[Data items]
=== Section Start ===
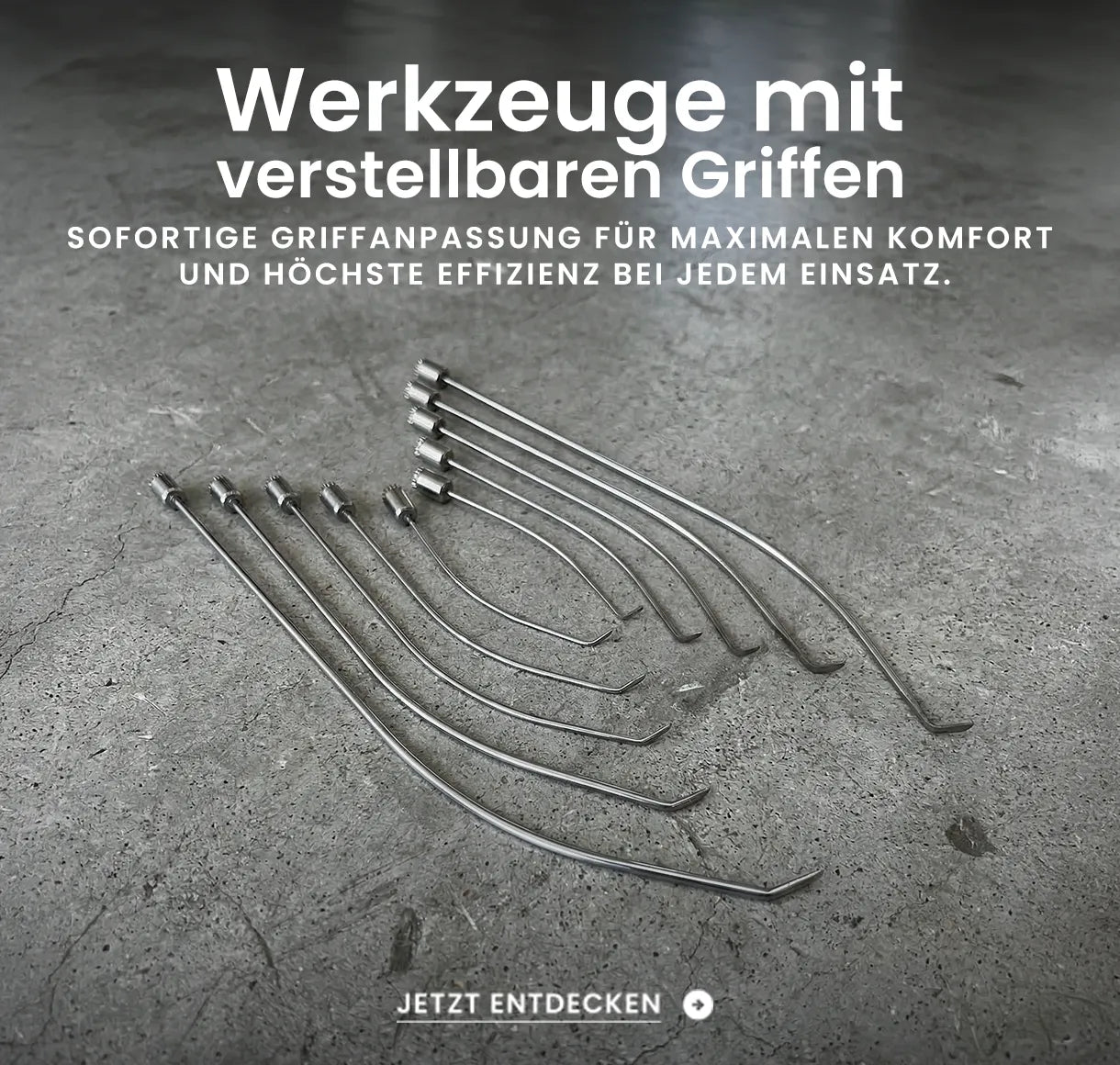 Rüsten Sie Ihre Werkstatt sofort mit unseren fachmännisch zusammengestellten PDR-Sets aus. Sie kombinieren hochkohlenstoffhaltige Stangen, hochwertiges Ziehwerkzeug und wichtige Zubehörteile für maximale tägliche Effizienz.
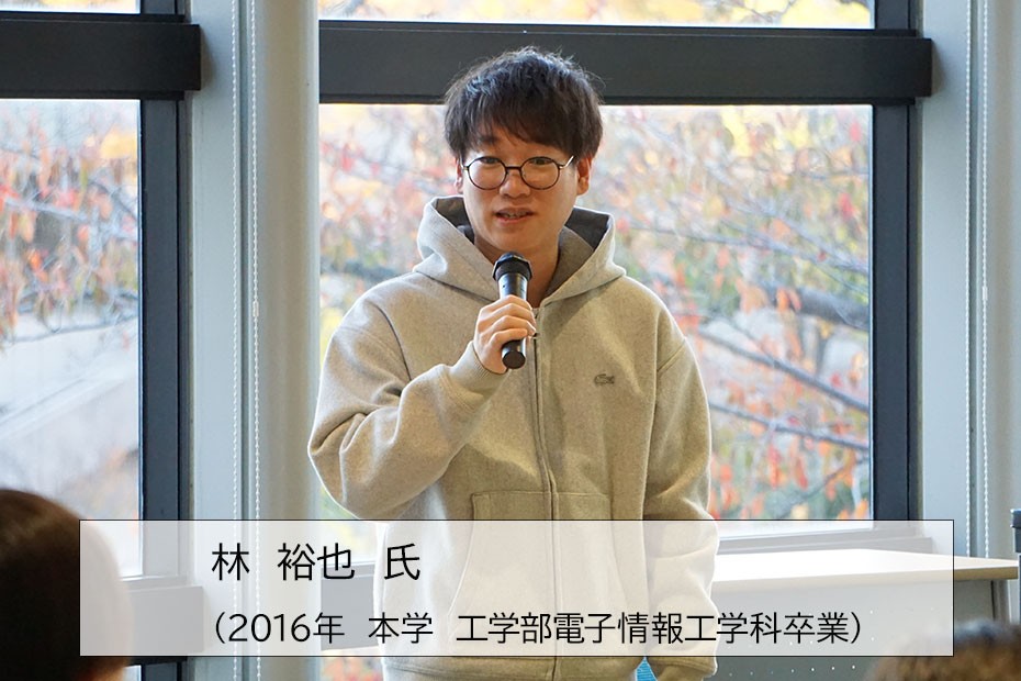 林氏からは、本学に在学中に米国カリフォルニア州で実施された4つの海外留学に参加し、初めて生体信号を扱う技術に触れたシリコンバレーでのインターンシップの経験や、卒業後、日本のスタートアップ企業で創業メンバーとして働いた経験から副業まで、一貫して脳波の研究開発に携わってきたことが語られました。さらに、多忙を極めた社会人生活の中で、体調不良となった辛い自己の経験を乗り越えて、今年9月には株式会社メルドワークスを起業したことを振り返り、「挑戦をしていく上で心がけていること」について、また、「挑戦していく上で、失敗も含めた経験の積み重ねが次の挑戦につながること」について述べられました。学生は、林氏から「失敗を失敗と捉えず、その全てを糧にする姿勢をもって挑戦しつづけることの重要性」を学び、より一層の成長に繋げるための具体的な指針をいただく機会となりました。
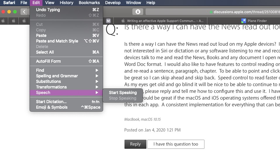 Is there a way I can have the News read out loud on my Apple devices? If so, please tell me how to turn that on. I am not interested in Siri or dictation or any software listening to me and recording me. I am interested in having my Apple devices talk to me and read the News, Books and any document I open regardless as to whether it is in PDF or Pages or Word Doc format. I would also like to have features to control reading on my Apple devices, like go forward or go back and re-read a sentence, paragraph, chapter. To be able to point and click and have a document read from there would be great so I can skip ahead and skip back. Speed control to read faster or slower would be a good control to have too. As my eyes get old and go blind it will be nice to be able to continue to read and learn as long as possible. If all of this is available, please reply and tell me how to configure this and use it. I have been looking and cannot find out how to do this. It would be great if the macOS and iOS operating systems offered this so that I won't have to figure out how to do this in each app. A consistent implementation for everything that can be read would be fantastic.
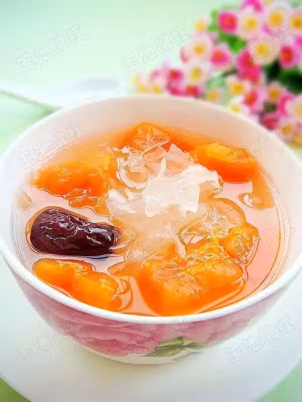 木瓜1個;銀耳一朵;紅棗8粒;冰糖
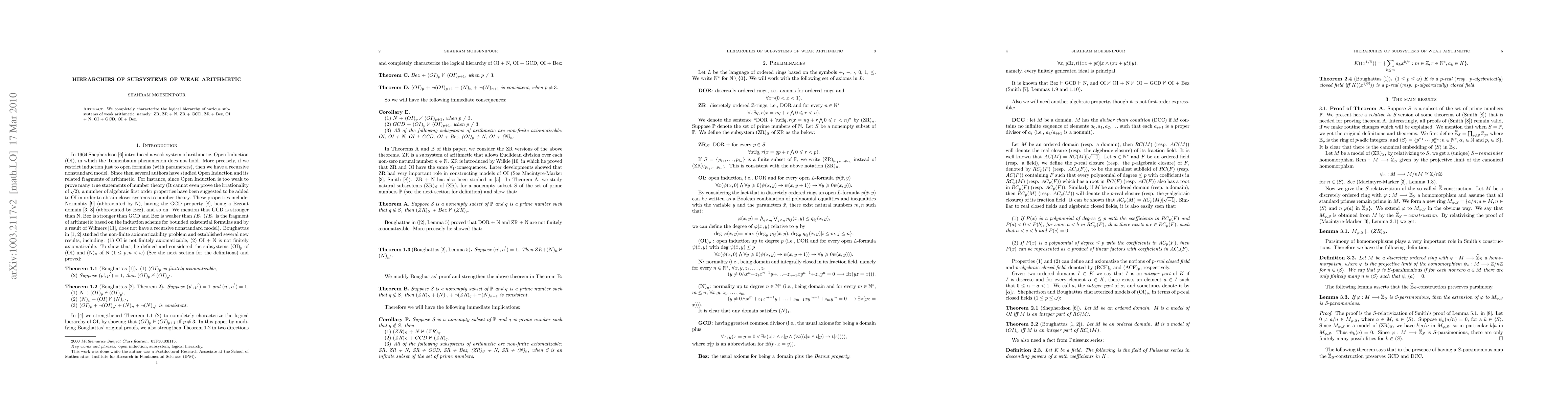 We completely characterize the logical hierarchy of various subsystems of weak arithmetic, namely: ZR, ZR + N, ZR + GCD, ZR + Bez, OI + N, OI + GCD, OI + Bez.
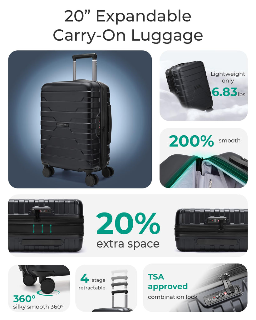 Brand: BAGSMARTColor: BlackFeatures: Airline-Approved Boarding Size: 20 inch carry on luggage meets most airline requirements for overhead compartments. Suitcases with wheels are suitable for 3-5 day trips, air, train and bus travel. Travel luggage is upgraded with double-ended zippers and side-mounted TSA-approved locks to ensure smooth and hassle-free airline baggage...
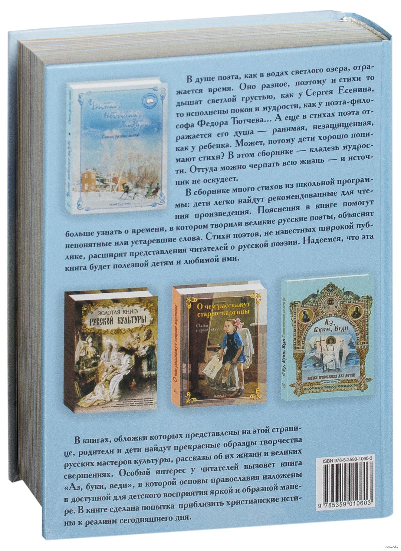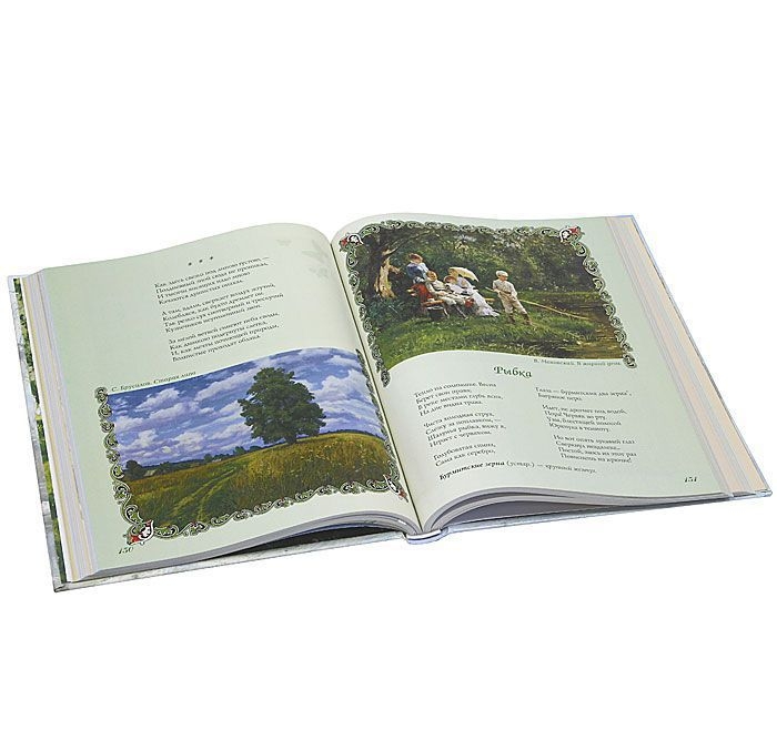 Отличная книга! Чудесная подборка стихотворений самых известных русских поэтов прошлого, иллюстрирована репродукциями замечательных художников, плотная офсетная бумага, крупный шрифт, формат большой (почти А4). Рекомендую!
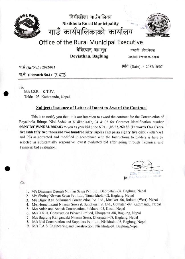 बोलपत्र स्वीकृत गर्ने आशयको सुचना ।।।
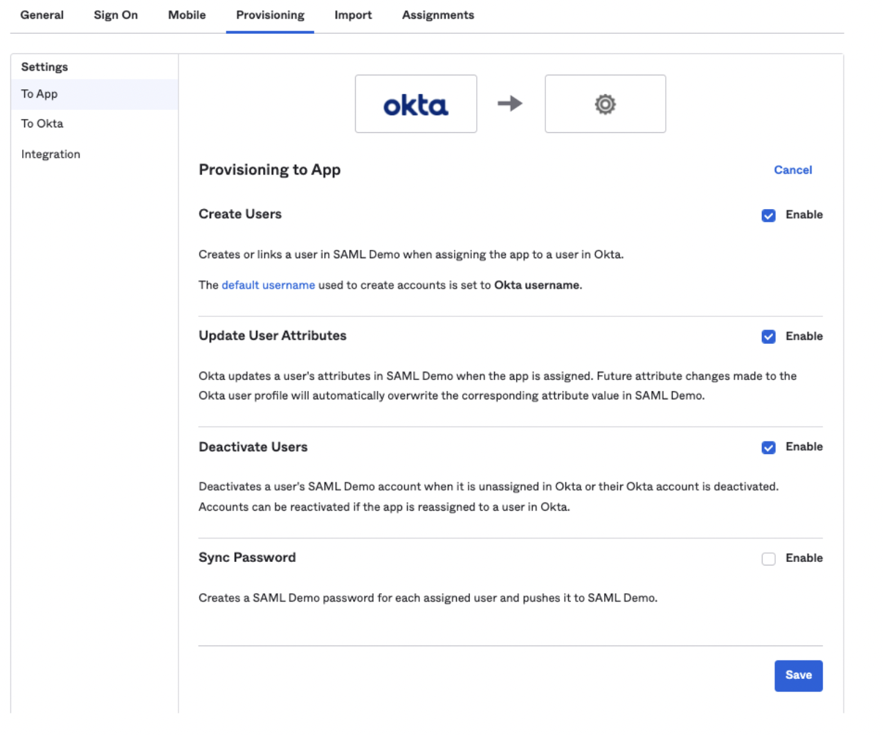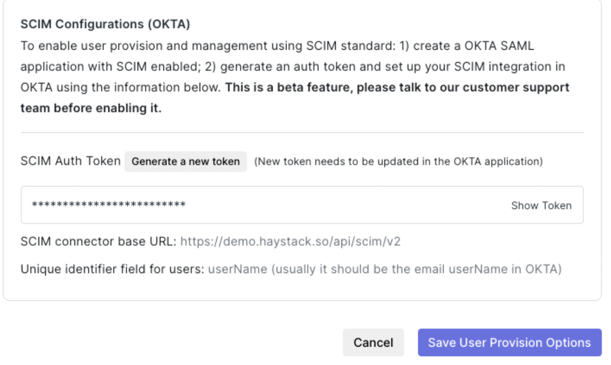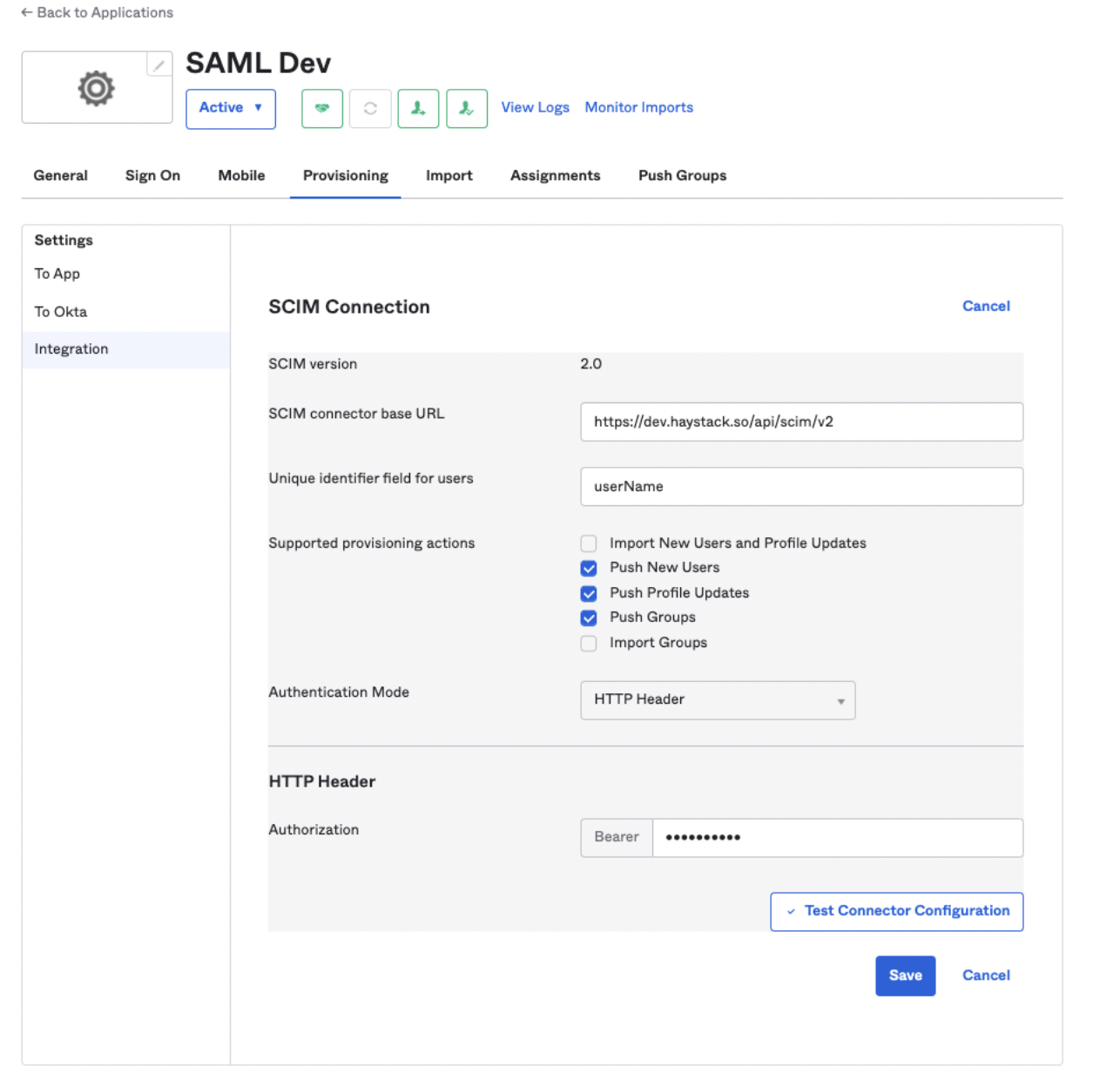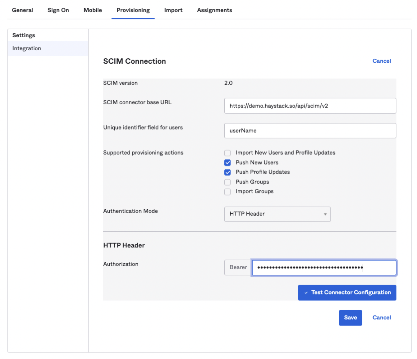 This ensures that users are automatically created, updated, and deactivated in Haystack as their status changes in Okta. Don't forget to save these settings.
=== Section End ===
Take the lines from the one holding "Отличная книга! Чудесная" through the last line of the data above and copy them exactly, both ends included, omitting all pictures.

#### Problem solution
 Отличная книга! Чудесная подборка стихотворений самых известных русских поэтов прошлого, иллюстрирована репродукциями замечательных художников, плотная офсетная бумага, крупный шрифт, формат большой (почти А4). Рекомендую!
 बोलपत्र स्वीकृत गर्ने आशयको सुचना ।।।
 This ensures that users are automatically created, updated, and deactivated in Haystack as their status changes in Okta. Don't forget to save these settings.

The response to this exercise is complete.